### Problem details
With the pictures left out, print exactly the lines below that run from the one containing "Holloway'b Ointment and" through the one containing "палочки 20 штук.".

### Extracted material
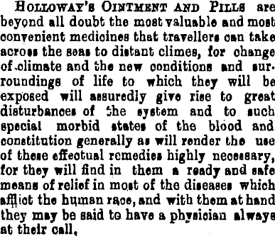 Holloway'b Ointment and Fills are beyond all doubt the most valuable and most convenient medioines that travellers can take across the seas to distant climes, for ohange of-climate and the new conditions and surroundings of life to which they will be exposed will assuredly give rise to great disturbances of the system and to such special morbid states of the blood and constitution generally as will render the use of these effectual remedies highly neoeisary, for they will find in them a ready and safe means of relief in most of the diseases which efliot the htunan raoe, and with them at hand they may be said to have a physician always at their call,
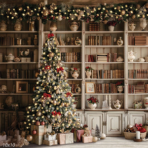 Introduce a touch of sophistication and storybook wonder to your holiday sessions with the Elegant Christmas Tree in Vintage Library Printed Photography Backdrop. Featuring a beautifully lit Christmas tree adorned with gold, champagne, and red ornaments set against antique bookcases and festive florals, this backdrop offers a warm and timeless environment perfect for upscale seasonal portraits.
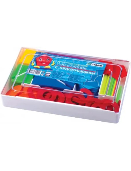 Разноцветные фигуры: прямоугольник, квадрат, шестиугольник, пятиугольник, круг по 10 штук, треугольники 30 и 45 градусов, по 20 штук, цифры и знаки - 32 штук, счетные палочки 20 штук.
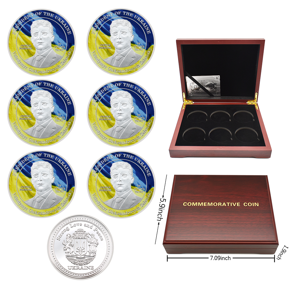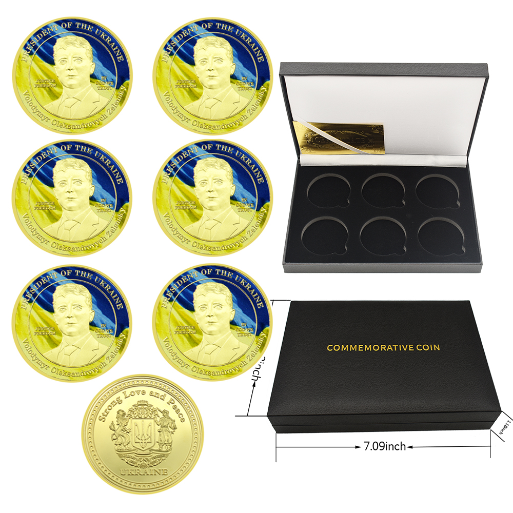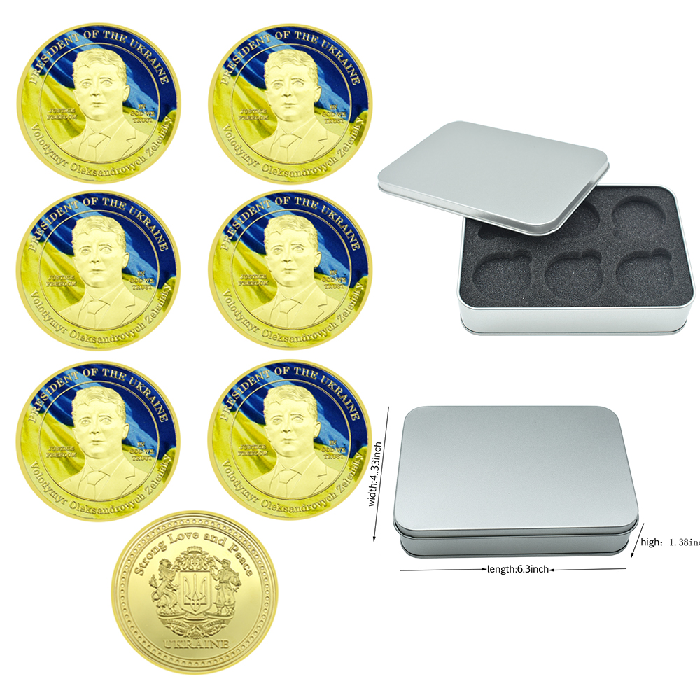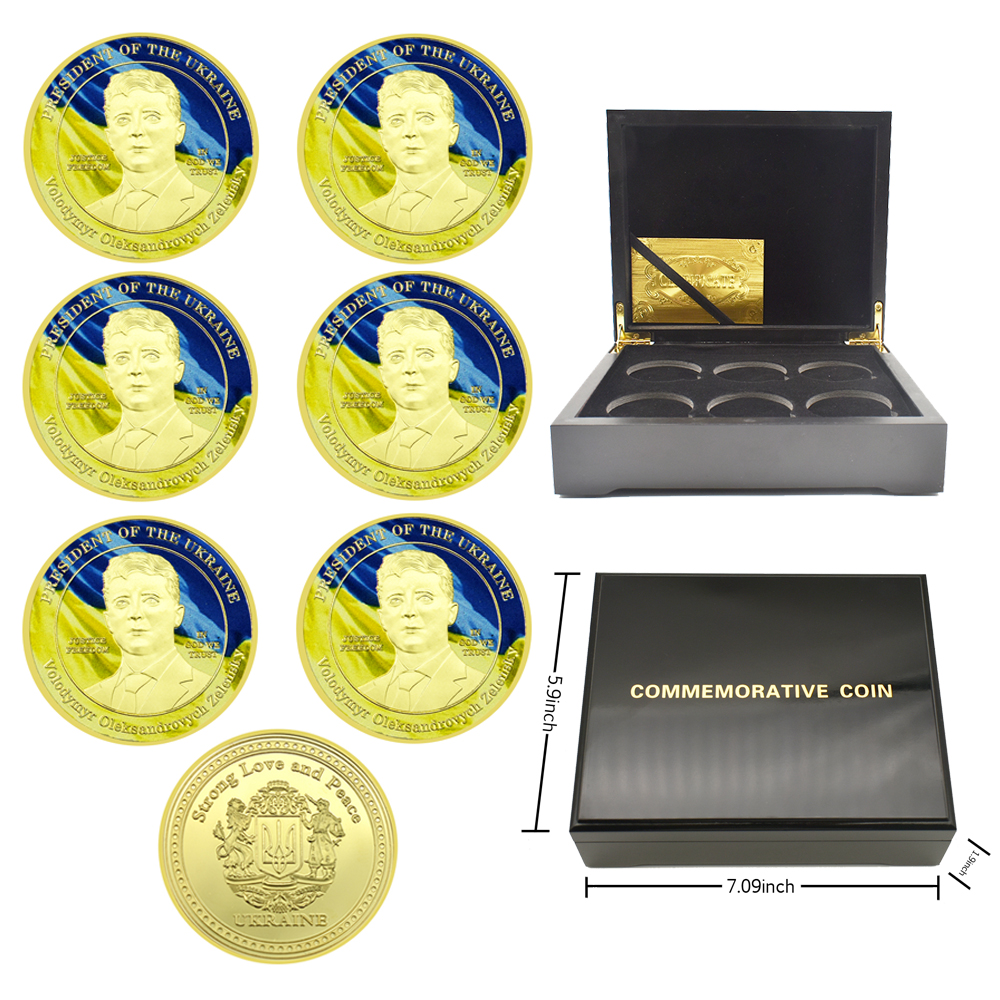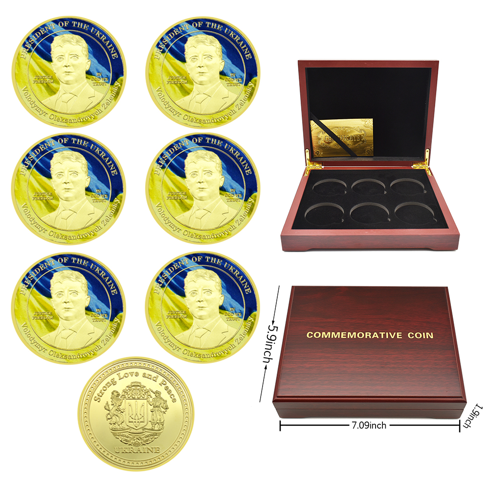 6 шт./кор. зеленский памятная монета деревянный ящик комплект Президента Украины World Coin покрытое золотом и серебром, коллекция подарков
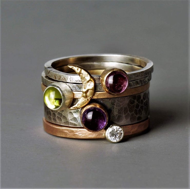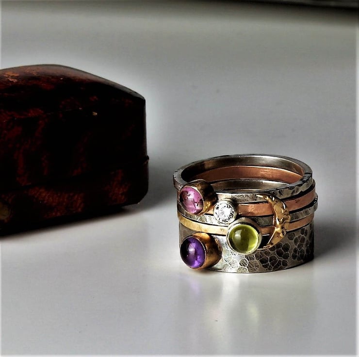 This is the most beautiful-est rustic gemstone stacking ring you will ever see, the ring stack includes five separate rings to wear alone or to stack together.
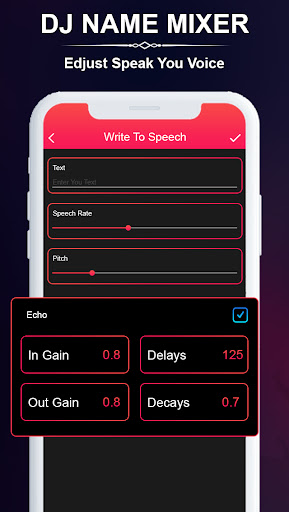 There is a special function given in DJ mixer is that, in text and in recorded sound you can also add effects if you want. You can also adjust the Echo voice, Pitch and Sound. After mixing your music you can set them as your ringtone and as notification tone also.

==

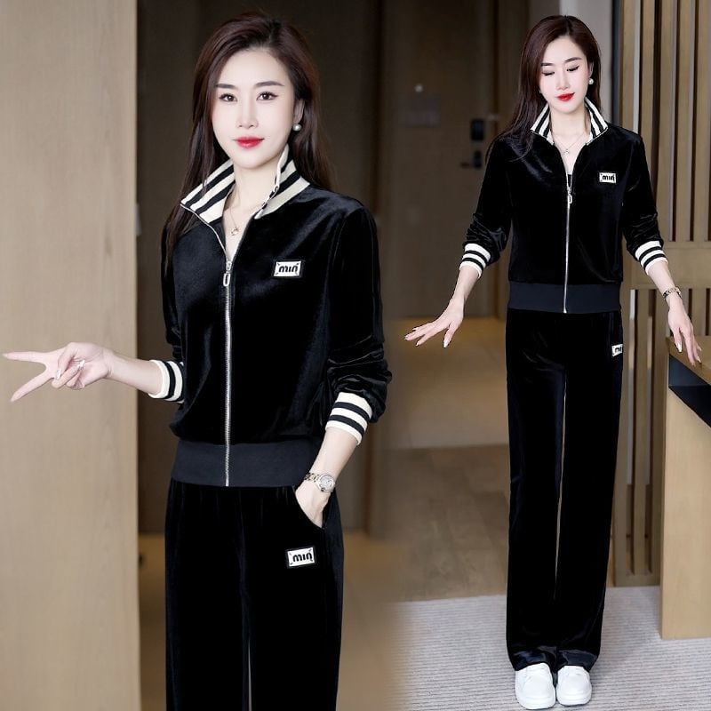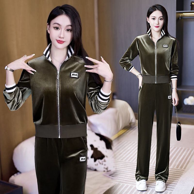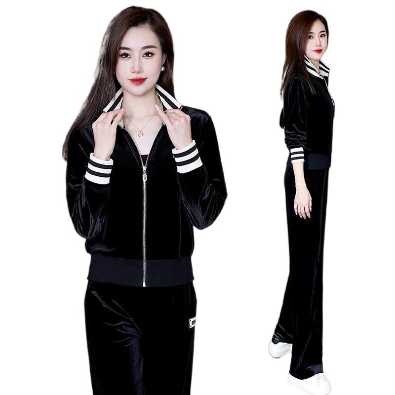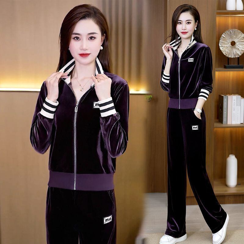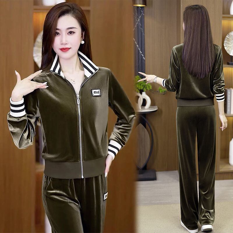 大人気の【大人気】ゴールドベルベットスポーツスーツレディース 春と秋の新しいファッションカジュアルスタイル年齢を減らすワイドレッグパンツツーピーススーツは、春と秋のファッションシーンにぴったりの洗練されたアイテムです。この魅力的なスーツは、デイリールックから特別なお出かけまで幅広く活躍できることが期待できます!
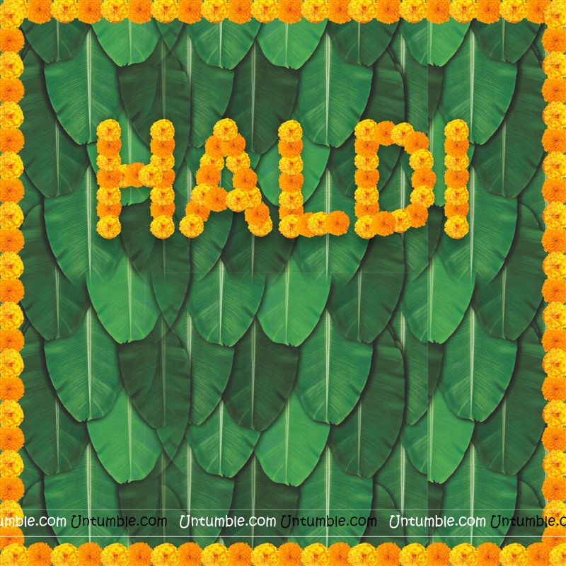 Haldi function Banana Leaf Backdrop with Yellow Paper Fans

### Written reply
 Holloway'b Ointment and Fills are beyond all doubt the most valuable and most convenient medioines that travellers can take across the seas to distant climes, for ohange of-climate and the new conditions and surroundings of life to which they will be exposed will assuredly give rise to great disturbances of the system and to such special morbid states of the blood and constitution generally as will render the use of these effectual remedies highly neoeisary, for they will find in them a ready and safe means of relief in most of the diseases which efliot the htunan raoe, and with them at hand they may be said to have a physician always at their call,
 Introduce a touch of sophistication and storybook wonder to your holiday sessions with the Elegant Christmas Tree in Vintage Library Printed Photography Backdrop. Featuring a beautifully lit Christmas tree adorned with gold, champagne, and red ornaments set against antique bookcases and festive florals, this backdrop offers a warm and timeless environment perfect for upscale seasonal portraits.
 Разноцветные фигуры: прямоугольник, квадрат, шестиугольник, пятиугольник, круг по 10 штук, треугольники 30 и 45 градусов, по 20 штук, цифры и знаки - 32 штук, счетные палочки 20 штук.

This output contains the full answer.